A nova planta da Volvo foi projetada para ser uma evolução da experiência em Kalmar,

fazendo de Uddevalla um projeto antropocêntrico (Modelo “centrado no homem”)

(SANTOS, 2003).

O governo forçou à empresa para que os sindicatos de trabalhadores fossem envolvidos com o

desenvolvimento do projeto desde o seu início e a participação dos trabalhadores ocorreu

inclusive na organização da produção. O objetivo do sindicato, além de garantir empregos, era

inicialmente garantir a qualidade do trabalho a ser desenvolvido na nova planta.

Segundo Bondarik & Pillati (2007b) na negociação e participação do sindicato junto ao

projeto antropocêntrico de Uddewala os sindicato colocou quatro condições fundamentais

para uma otimização da produção fabril: ciclo de trabalho com máximo de 20 minutos cada,

ritmo de trabalho não fixados pela maquina, montagem estacionaria sem a presença de

esteiras rolantes ou móveis e que o processo de montagem do veiculo não excederia 60% do

tempo de trabalho, todas as condições foram executadas satisfatoriamente com exceção do

padrão de 60% da carga de trabalho na montagem.

As equipes participavam efetivamente na seleção e na formação de pessoal. O líder de cada

grupo era eleito. Em Uddewalla, cada equipe auto dirigida, construía um carro

completamente, dentro de uma área pré-estabelecida, permitindo, assim, a participação de

todos em todas as etapas da montagem de um veículo. A organização do trabalho era guiada

por grupos autodirigidos. Nas equipes de trabalho não existiam as tradicionais chefias diretas,

sendo os próprios membros da equipe quem fazia a gestão da qualidade, dos custos, da

manutenção, etc. Além disso, incentivava-se a polivalência. O objetivo era fazer rodar estas

tarefas todos os meses (BONDARIK & PILLATI, 2007b).

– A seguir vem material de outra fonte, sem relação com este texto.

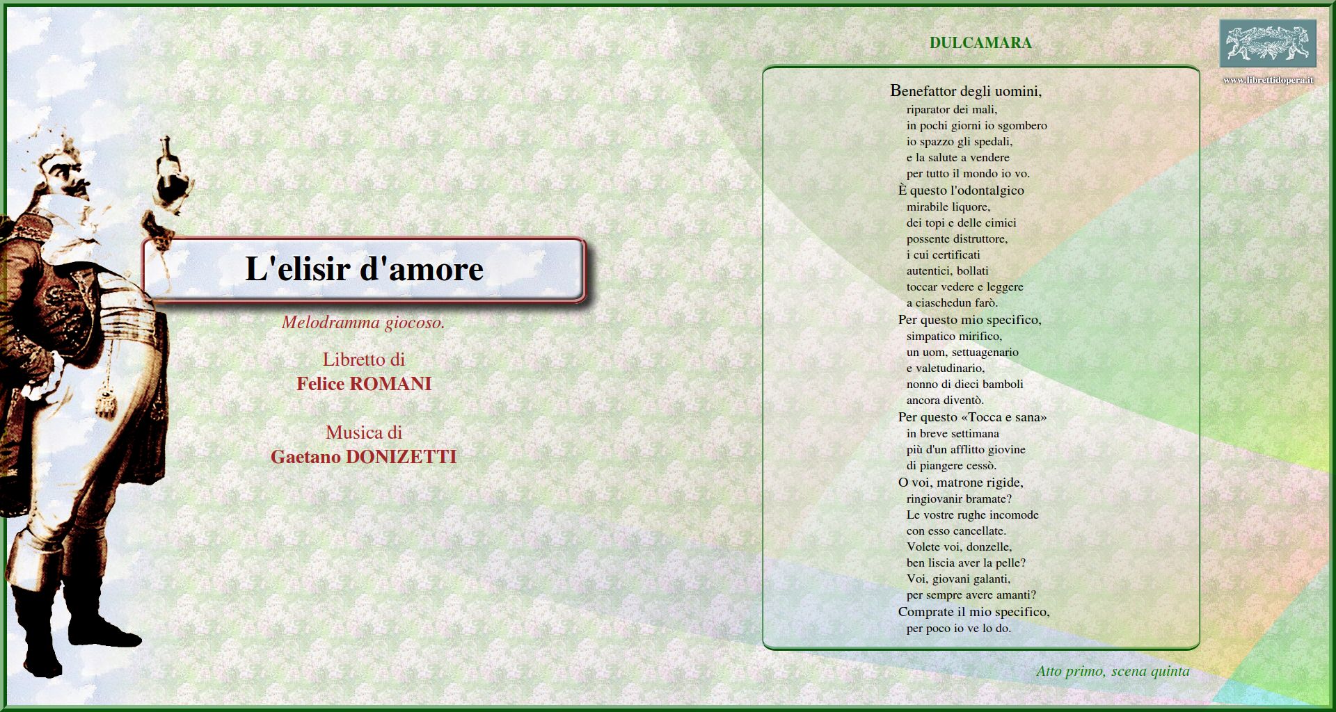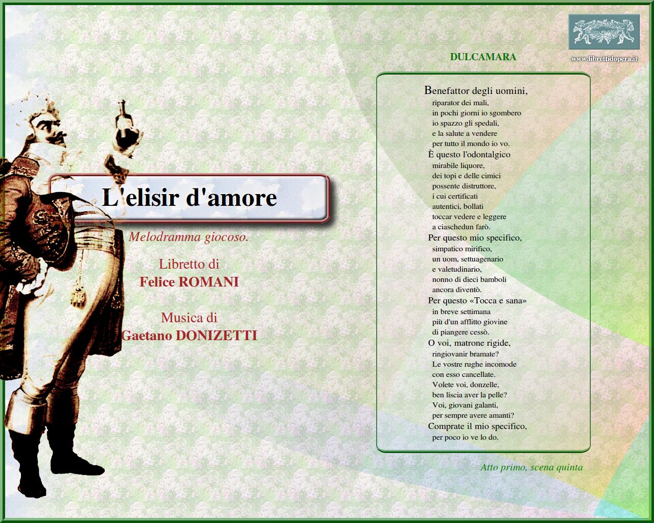 Quanto è bella, quanto è cara! Come Paride vezzoso Chiedi al rio perché gemente Benefattor degli uomini Cantiamo ancora un brindisi Ai perigli della guerra Una tenera occhiatina Una furtiva lagrima

Em 1991 Uddevalla detinha a todos esses fatores de projeto de instalação e ergonomia voltado

para atender necessidades do trabalho humano, logo resultaram no índice de qualidade mais

alta das três fábricas suecas da Volvo. E depois de certa estagnação em 1990, a produtividade

continuava a melhorar. De qualquer modo, esta experiência era considerada como importante

para o desenvolvimento organizacional e o crescimento estratégico da Volvo que lutava então

com problemas de produtividade e competitividade, se bem que esses problemas fossem

comuns a outros fabricantes de automóveis, seus concorrentes (principalmente os europeus e

os norte-americanos).

Quando projetada a fábrica de Uddevalla tinha como objetivo ser tão rápida quanto às outras

duas (em território sueco). Os melhores resultados em relação à mudança de séries ou de

modelos sugeriam que os métodos de trabalho em Uddevalla eram mais vantajosos e racionais

do que o trabalho em cadeia, na medida em que a produção era mais flexível e prestava-se

melhor a mudanças técnicas e organizacionais, a flutuações do mercado, etc. Por outro lado, e

uma vez que o futuro na indústria do automóvel apontava no sentido de serem cada vez mais

freqüentes as variedades de modelos, e haver uma maior exigência do mercado em relação à

novos modelos e à qualidade dos produtos, esperava-se que a forma de organização do

trabalho em Uddevalla passasse a ser devidamente valorizada (SANTOS, 2003).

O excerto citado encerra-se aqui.